> **Problem statement**: When you reach the records, transcribe each one exactly.

> **Records for the exercise**:

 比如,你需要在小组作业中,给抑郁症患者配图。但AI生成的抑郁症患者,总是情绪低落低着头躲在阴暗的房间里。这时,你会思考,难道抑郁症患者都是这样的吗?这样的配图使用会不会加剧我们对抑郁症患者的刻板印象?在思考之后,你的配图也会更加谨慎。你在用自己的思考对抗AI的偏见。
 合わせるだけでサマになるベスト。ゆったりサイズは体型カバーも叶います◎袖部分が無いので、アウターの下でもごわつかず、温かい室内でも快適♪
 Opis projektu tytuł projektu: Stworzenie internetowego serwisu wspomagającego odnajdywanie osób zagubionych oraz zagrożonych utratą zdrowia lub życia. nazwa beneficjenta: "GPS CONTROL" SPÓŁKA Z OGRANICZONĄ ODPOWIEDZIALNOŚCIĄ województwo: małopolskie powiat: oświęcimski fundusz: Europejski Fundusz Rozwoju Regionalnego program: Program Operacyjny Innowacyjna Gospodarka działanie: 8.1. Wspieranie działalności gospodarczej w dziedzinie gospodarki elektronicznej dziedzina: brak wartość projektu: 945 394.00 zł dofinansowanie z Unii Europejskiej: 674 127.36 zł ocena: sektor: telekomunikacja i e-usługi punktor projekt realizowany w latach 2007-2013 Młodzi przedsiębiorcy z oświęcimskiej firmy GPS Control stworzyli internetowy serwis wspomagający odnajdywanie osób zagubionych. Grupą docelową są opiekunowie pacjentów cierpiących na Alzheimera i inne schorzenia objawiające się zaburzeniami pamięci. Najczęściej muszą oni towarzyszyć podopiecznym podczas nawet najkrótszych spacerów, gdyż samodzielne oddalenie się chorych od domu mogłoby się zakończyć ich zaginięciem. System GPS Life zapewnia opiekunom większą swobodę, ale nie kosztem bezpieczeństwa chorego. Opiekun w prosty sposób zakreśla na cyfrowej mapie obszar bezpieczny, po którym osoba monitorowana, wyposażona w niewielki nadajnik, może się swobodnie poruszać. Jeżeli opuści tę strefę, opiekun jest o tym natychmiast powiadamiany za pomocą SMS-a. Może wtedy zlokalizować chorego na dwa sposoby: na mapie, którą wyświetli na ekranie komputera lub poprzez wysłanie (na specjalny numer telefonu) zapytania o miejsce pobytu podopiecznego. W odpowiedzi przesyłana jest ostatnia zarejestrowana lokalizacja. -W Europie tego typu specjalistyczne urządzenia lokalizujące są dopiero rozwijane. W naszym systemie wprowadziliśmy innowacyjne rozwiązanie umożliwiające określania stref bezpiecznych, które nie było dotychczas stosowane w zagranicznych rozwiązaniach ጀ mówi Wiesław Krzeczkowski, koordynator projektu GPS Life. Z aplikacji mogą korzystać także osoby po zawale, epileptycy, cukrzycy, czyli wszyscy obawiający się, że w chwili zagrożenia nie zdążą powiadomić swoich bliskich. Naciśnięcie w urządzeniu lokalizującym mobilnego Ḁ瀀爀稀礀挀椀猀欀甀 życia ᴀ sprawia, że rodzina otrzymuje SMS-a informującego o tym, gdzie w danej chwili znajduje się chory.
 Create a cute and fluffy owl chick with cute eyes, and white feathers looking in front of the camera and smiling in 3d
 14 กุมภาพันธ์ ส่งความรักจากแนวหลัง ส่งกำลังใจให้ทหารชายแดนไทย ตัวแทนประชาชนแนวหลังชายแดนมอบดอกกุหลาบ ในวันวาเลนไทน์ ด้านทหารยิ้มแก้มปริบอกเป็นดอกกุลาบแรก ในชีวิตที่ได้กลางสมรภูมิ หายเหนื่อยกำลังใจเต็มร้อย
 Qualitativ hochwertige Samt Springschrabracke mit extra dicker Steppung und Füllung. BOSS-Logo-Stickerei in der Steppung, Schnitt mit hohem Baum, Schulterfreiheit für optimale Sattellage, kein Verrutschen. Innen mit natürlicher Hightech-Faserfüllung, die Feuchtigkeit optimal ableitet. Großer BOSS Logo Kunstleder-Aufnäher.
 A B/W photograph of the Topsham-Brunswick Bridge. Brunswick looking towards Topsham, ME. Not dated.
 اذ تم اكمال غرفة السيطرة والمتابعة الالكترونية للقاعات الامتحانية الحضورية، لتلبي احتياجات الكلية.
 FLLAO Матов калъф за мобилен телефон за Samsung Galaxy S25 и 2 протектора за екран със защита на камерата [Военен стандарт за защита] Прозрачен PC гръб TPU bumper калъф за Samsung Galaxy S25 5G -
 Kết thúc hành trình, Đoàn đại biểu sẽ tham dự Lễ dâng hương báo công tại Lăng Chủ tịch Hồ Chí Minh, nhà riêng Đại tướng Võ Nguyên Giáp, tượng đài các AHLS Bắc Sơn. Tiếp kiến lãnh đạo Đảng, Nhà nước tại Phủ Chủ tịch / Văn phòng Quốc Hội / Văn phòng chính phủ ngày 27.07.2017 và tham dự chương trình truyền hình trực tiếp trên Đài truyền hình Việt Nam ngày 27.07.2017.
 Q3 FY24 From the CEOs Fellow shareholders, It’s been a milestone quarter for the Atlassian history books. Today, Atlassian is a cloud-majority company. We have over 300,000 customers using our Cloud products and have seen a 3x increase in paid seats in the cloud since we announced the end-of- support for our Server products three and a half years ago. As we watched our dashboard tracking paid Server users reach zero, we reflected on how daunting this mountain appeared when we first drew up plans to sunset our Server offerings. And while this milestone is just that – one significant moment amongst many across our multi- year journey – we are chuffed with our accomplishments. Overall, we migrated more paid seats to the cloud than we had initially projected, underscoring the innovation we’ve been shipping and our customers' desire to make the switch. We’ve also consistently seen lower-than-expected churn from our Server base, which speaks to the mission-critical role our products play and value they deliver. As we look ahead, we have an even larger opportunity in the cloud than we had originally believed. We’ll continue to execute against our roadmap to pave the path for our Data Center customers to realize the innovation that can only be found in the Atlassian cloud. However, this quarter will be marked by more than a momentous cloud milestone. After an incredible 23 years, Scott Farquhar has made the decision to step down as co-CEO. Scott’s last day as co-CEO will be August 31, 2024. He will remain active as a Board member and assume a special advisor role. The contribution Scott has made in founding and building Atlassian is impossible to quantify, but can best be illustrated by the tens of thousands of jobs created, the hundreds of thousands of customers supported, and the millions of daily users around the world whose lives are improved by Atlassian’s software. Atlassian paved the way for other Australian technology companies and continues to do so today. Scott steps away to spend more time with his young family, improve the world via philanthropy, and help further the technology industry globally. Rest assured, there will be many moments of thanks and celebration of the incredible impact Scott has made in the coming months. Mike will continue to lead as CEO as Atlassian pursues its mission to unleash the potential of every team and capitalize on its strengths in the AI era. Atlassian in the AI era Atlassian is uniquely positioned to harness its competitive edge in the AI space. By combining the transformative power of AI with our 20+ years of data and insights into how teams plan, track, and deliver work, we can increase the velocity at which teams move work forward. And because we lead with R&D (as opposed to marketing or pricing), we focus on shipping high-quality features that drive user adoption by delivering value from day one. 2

> **Exercise output**:
 比如,你需要在小组作业中,给抑郁症患者配图。但AI生成的抑郁症患者,总是情绪低落低着头躲在阴暗的房间里。这时,你会思考,难道抑郁症患者都是这样的吗?这样的配图使用会不会加剧我们对抑郁症患者的刻板印象?在思考之后,你的配图也会更加谨慎。你在用自己的思考对抗AI的偏见。
 合わせるだけでサマになるベスト。ゆったりサイズは体型カバーも叶います◎袖部分が無いので、アウターの下でもごわつかず、温かい室内でも快適♪
 Opis projektu tytuł projektu: Stworzenie internetowego serwisu wspomagającego odnajdywanie osób zagubionych oraz zagrożonych utratą zdrowia lub życia. nazwa beneficjenta: "GPS CONTROL" SPÓŁKA Z OGRANICZONĄ ODPOWIEDZIALNOŚCIĄ województwo: małopolskie powiat: oświęcimski fundusz: Europejski Fundusz Rozwoju Regionalnego program: Program Operacyjny Innowacyjna Gospodarka działanie: 8.1. Wspieranie działalności gospodarczej w dziedzinie gospodarki elektronicznej dziedzina: brak wartość projektu: 945 394.00 zł dofinansowanie z Unii Europejskiej: 674 127.36 zł ocena: sektor: telekomunikacja i e-usługi punktor projekt realizowany w latach 2007-2013 Młodzi przedsiębiorcy z oświęcimskiej firmy GPS Control stworzyli internetowy serwis wspomagający odnajdywanie osób zagubionych. Grupą docelową są opiekunowie pacjentów cierpiących na Alzheimera i inne schorzenia objawiające się zaburzeniami pamięci. Najczęściej muszą oni towarzyszyć podopiecznym podczas nawet najkrótszych spacerów, gdyż samodzielne oddalenie się chorych od domu mogłoby się zakończyć ich zaginięciem. System GPS Life zapewnia opiekunom większą swobodę, ale nie kosztem bezpieczeństwa chorego. Opiekun w prosty sposób zakreśla na cyfrowej mapie obszar bezpieczny, po którym osoba monitorowana, wyposażona w niewielki nadajnik, może się swobodnie poruszać. Jeżeli opuści tę strefę, opiekun jest o tym natychmiast powiadamiany za pomocą SMS-a. Może wtedy zlokalizować chorego na dwa sposoby: na mapie, którą wyświetli na ekranie komputera lub poprzez wysłanie (na specjalny numer telefonu) zapytania o miejsce pobytu podopiecznego. W odpowiedzi przesyłana jest ostatnia zarejestrowana lokalizacja. -W Europie tego typu specjalistyczne urządzenia lokalizujące są dopiero rozwijane. W naszym systemie wprowadziliśmy innowacyjne rozwiązanie umożliwiające określania stref bezpiecznych, które nie było dotychczas stosowane w zagranicznych rozwiązaniach ጀ mówi Wiesław Krzeczkowski, koordynator projektu GPS Life. Z aplikacji mogą korzystać także osoby po zawale, epileptycy, cukrzycy, czyli wszyscy obawiający się, że w chwili zagrożenia nie zdążą powiadomić swoich bliskich. Naciśnięcie w urządzeniu lokalizującym mobilnego Ḁ瀀爀稀礀挀椀猀欀甀 życia ᴀ sprawia, że rodzina otrzymuje SMS-a informującego o tym, gdzie w danej chwili znajduje się chory.
 Create a cute and fluffy owl chick with cute eyes, and white feathers looking in front of the camera and smiling in 3d
 14 กุมภาพันธ์ ส่งความรักจากแนวหลัง ส่งกำลังใจให้ทหารชายแดนไทย ตัวแทนประชาชนแนวหลังชายแดนมอบดอกกุหลาบ ในวันวาเลนไทน์ ด้านทหารยิ้มแก้มปริบอกเป็นดอกกุลาบแรก ในชีวิตที่ได้กลางสมรภูมิ หายเหนื่อยกำลังใจเต็มร้อย
 Qualitativ hochwertige Samt Springschrabracke mit extra dicker Steppung und Füllung. BOSS-Logo-Stickerei in der Steppung, Schnitt mit hohem Baum, Schulterfreiheit für optimale Sattellage, kein Verrutschen. Innen mit natürlicher Hightech-Faserfüllung, die Feuchtigkeit optimal ableitet. Großer BOSS Logo Kunstleder-Aufnäher.
 A B/W photograph of the Topsham-Brunswick Bridge. Brunswick looking towards Topsham, ME. Not dated.
 اذ تم اكمال غرفة السيطرة والمتابعة الالكترونية للقاعات الامتحانية الحضورية، لتلبي احتياجات الكلية.
 FLLAO Матов калъф за мобилен телефон за Samsung Galaxy S25 и 2 протектора за екран със защита на камерата [Военен стандарт за защита] Прозрачен PC гръб TPU bumper калъф за Samsung Galaxy S25 5G -
 Kết thúc hành trình, Đoàn đại biểu sẽ tham dự Lễ dâng hương báo công tại Lăng Chủ tịch Hồ Chí Minh, nhà riêng Đại tướng Võ Nguyên Giáp, tượng đài các AHLS Bắc Sơn. Tiếp kiến lãnh đạo Đảng, Nhà nước tại Phủ Chủ tịch / Văn phòng Quốc Hội / Văn phòng chính phủ ngày 27.07.2017 và tham dự chương trình truyền hình trực tiếp trên Đài truyền hình Việt Nam ngày 27.07.2017.
 Q3 FY24 From the CEOs Fellow shareholders, It’s been a milestone quarter for the Atlassian history books. Today, Atlassian is a cloud-majority company. We have over 300,000 customers using our Cloud products and have seen a 3x increase in paid seats in the cloud since we announced the end-of- support for our Server products three and a half years ago. As we watched our dashboard tracking paid Server users reach zero, we reflected on how daunting this mountain appeared when we first drew up plans to sunset our Server offerings. And while this milestone is just that – one significant moment amongst many across our multi- year journey – we are chuffed with our accomplishments. Overall, we migrated more paid seats to the cloud than we had initially projected, underscoring the innovation we’ve been shipping and our customers' desire to make the switch. We’ve also consistently seen lower-than-expected churn from our Server base, which speaks to the mission-critical role our products play and value they deliver. As we look ahead, we have an even larger opportunity in the cloud than we had originally believed. We’ll continue to execute against our roadmap to pave the path for our Data Center customers to realize the innovation that can only be found in the Atlassian cloud. However, this quarter will be marked by more than a momentous cloud milestone. After an incredible 23 years, Scott Farquhar has made the decision to step down as co-CEO. Scott’s last day as co-CEO will be August 31, 2024. He will remain active as a Board member and assume a special advisor role. The contribution Scott has made in founding and building Atlassian is impossible to quantify, but can best be illustrated by the tens of thousands of jobs created, the hundreds of thousands of customers supported, and the millions of daily users around the world whose lives are improved by Atlassian’s software. Atlassian paved the way for other Australian technology companies and continues to do so today. Scott steps away to spend more time with his young family, improve the world via philanthropy, and help further the technology industry globally. Rest assured, there will be many moments of thanks and celebration of the incredible impact Scott has made in the coming months. Mike will continue to lead as CEO as Atlassian pursues its mission to unleash the potential of every team and capitalize on its strengths in the AI era. Atlassian in the AI era Atlassian is uniquely positioned to harness its competitive edge in the AI space. By combining the transformative power of AI with our 20+ years of data and insights into how teams plan, track, and deliver work, we can increase the velocity at which teams move work forward. And because we lead with R&D (as opposed to marketing or pricing), we focus on shipping high-quality features that drive user adoption by delivering value from day one. 2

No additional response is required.